An additional well-supported placement we uncovered here relates to cycads and Ginkgo. Our coalescent and concatenation analyses of nuclear genes strongly support (100 BP and 93 BP, respectively) cycads (i.e., Cycas and Zamia) plus Ginkgo as sister to all remaining extant gymnosperms (Figure 2A and see red dots in Figure 1D for clades under consideration). The rival placement of Ginkgo alone as sister to conifers and gnetophytes (i.e., the “Gingko alone” hypothesis) is rejected for the concatenated nuclear gene matrix (p-value = 0.004, AU test). In addition, our coalescent analyses of plastid genes similarly support (71 BP) the monophyly of cycads plus Ginkgo (Figure 2B). The concatenation analyses of plastid genes, in contrast, weakly support (56 BP) the “Gingko alone” hypothesis.

Because sequences from both cycads and Ginkgo were not present in all 305 nuclear genes, we conducted an additional analysis using only those genes that included both cycads and Ginkgo (sequences from both cycads and Ginkgo were present in all 47 plastid genes; see Table 2). This allows us to test if the phylogenetic placement of Ginkgo inferred from nuclear genes is sensitive to missing data. Although the number of nuclear gene clusters declines to 69 when applying this taxon filter, the results are identical to those above: the coalescent and concatenation analyses strongly support (95 BP and 97 BP, respectively) cycads plus Ginkgo as sister to all remaining extant gymnosperms.

To further investigate if the placement of Ginkgo is sensitive to the number of sampled genes, we randomly subsampled the 305 nuclear genes in four different gene size categories (i.e., 25, 47, 100, or 200 genes; 10 replicates each). We similarly subsampled the 47 plastid genes (i.e., 25 genes with 10 replicates). Even as the sample size declines, the coalescent and concatenation analyses of nuclear genes strongly support (≥80 BP) cycads plus Ginkgo as sister to all remaining extant gymnosperms. Support for this relationship only dropped below 80 BP when the number of subsampled nuclear genes was 25 for the coalescent analyses (Figure 3A). For the 25 subsampled plastid genes, the coalescent analyses also support cycads plus Ginkgo with ≥80 BP. In contrast, concatenation analyses of 25 subsampled plastid genes support the “Gingko alone” hypothesis with ≥80 BP (Figure 3A). Thus, our results are robust to the number of genes sampled, including the discordant placements of Ginkgo between coalescent and concatenation analyses of plastid genes.

Figure 3
Summary of bootstrap percentages (BPs) from coalescent and concatenation analyses using different gene subsampling and rate partitions.

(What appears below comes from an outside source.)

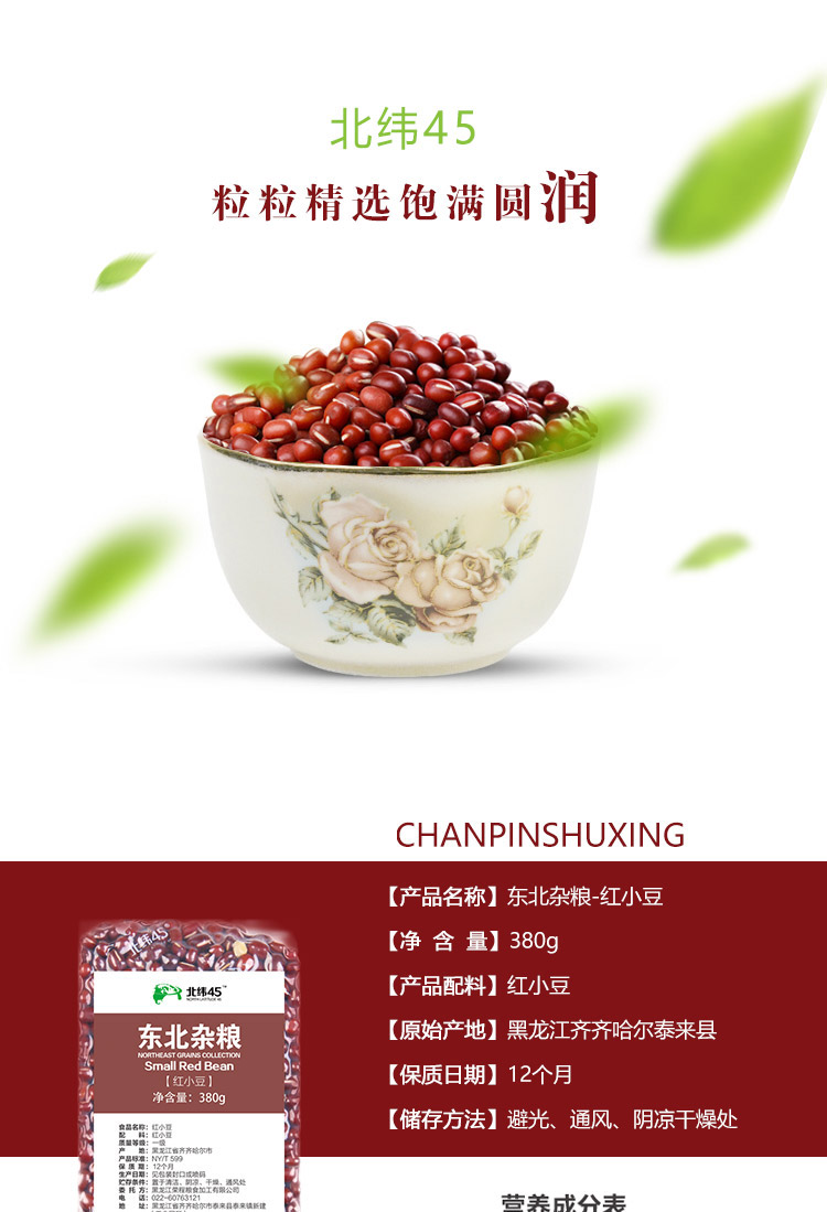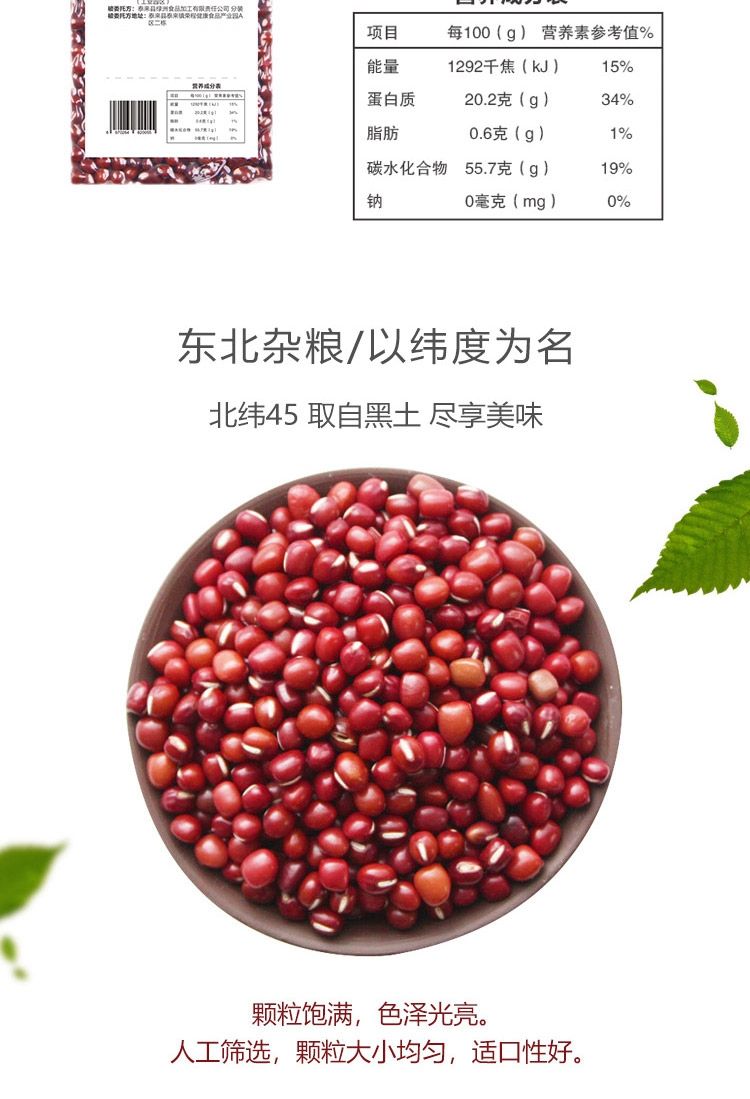 商品名称:北纬45°东北杂粮红小豆380g*3包

Accommodating rate heterogeneity in coalescent and concatenation analyses

Despite the fact that our coalescent and concatenation analyses largely agree with each other, we are interested in exploring the influence of nucleotide substitution rates on phylogenetic inference of seed plant relationships. It has long been appreciated that elevated rates of molecular evolution can lead to multiple substitutions at the same site [61,62], which can be especially misleading for resolving deeper relationships if the substitution model fails to correct for high levels of saturation in fast-evolving sites [24,62-68]. This is especially relevant for inferring the phylogeny of early diverging gymnosperms given their ancient origin [69-72]. Here, to assess the effect of rate heterogeneity, we partitioned nucleotide sites in our concatenated matrices according to estimated evolutionary rates.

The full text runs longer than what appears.